Retype the data exactly, from its first line to the line containing "Hình ảnh cô", including both, and skip any picture.

**Material provided**
Content starts

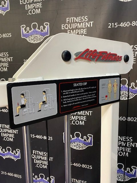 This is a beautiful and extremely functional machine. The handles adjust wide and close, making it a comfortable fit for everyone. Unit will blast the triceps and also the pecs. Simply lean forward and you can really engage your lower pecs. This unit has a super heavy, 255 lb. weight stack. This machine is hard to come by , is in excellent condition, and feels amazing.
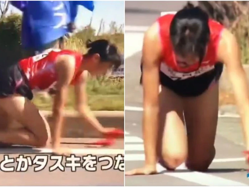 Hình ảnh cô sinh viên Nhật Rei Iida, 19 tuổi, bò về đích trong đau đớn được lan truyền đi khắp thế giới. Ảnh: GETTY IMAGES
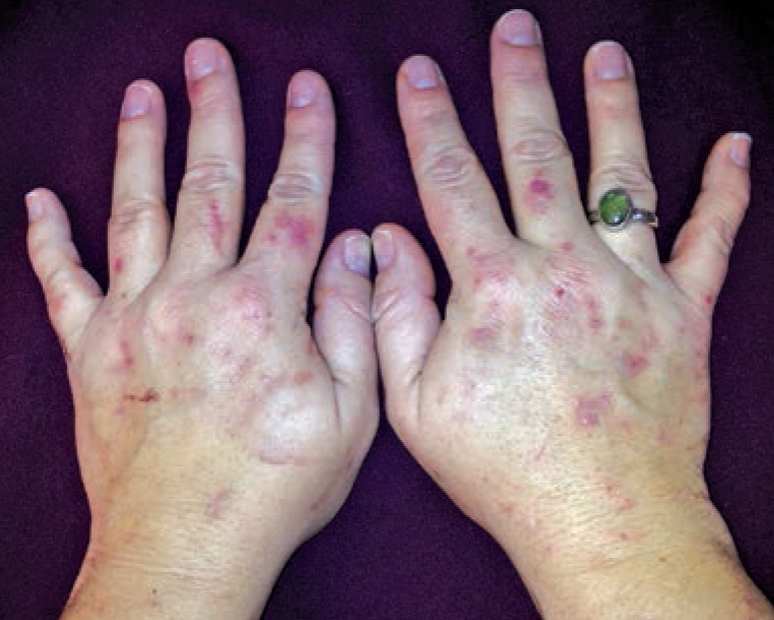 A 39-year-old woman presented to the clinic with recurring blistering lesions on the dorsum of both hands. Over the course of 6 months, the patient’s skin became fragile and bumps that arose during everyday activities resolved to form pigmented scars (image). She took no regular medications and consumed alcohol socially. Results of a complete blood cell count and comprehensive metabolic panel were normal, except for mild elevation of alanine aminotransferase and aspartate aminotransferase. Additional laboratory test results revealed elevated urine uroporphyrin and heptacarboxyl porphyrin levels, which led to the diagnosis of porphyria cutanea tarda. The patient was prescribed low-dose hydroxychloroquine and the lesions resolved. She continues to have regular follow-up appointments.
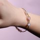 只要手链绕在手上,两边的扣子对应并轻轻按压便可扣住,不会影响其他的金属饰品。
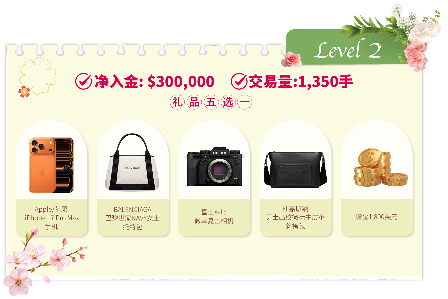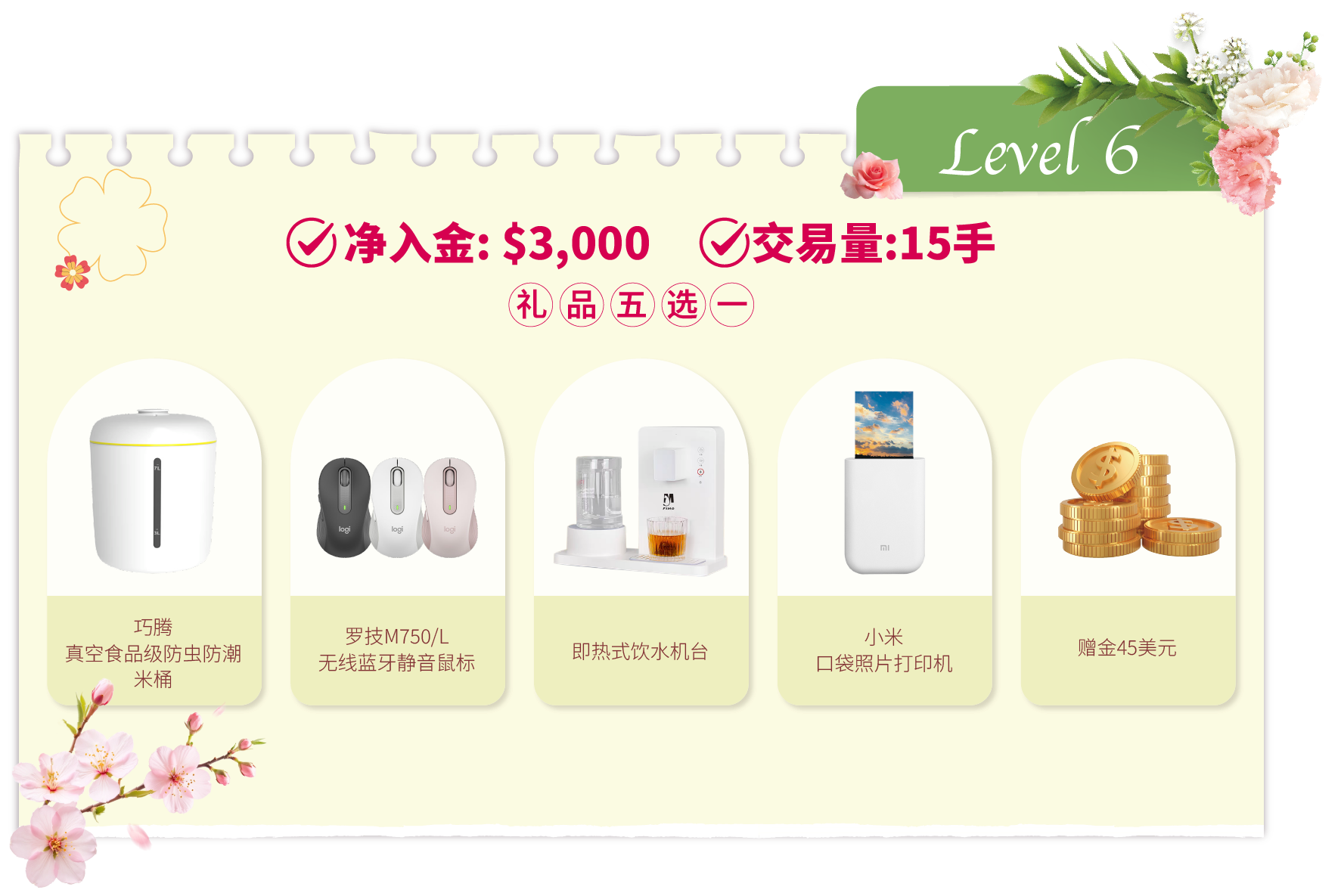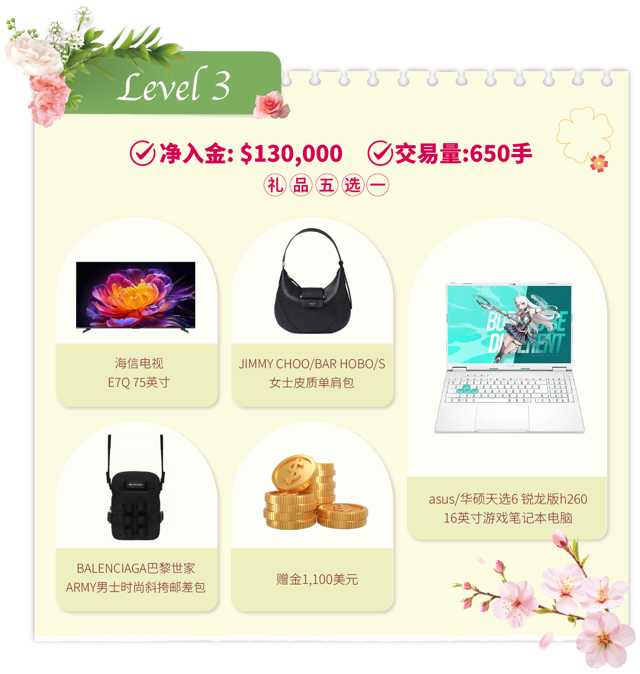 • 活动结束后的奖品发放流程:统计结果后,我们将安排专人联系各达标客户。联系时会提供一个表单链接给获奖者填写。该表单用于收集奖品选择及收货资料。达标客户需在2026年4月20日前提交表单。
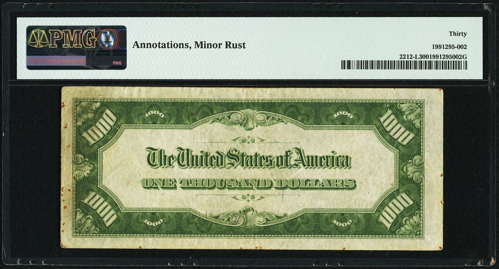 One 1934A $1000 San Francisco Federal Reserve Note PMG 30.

Content ends

**Task answer**
 This is a beautiful and extremely functional machine. The handles adjust wide and close, making it a comfortable fit for everyone. Unit will blast the triceps and also the pecs. Simply lean forward and you can really engage your lower pecs. This unit has a super heavy, 255 lb. weight stack. This machine is hard to come by , is in excellent condition, and feels amazing.
 Hình ảnh cô sinh viên Nhật Rei Iida, 19 tuổi, bò về đích trong đau đớn được lan truyền đi khắp thế giới. Ảnh: GETTY IMAGES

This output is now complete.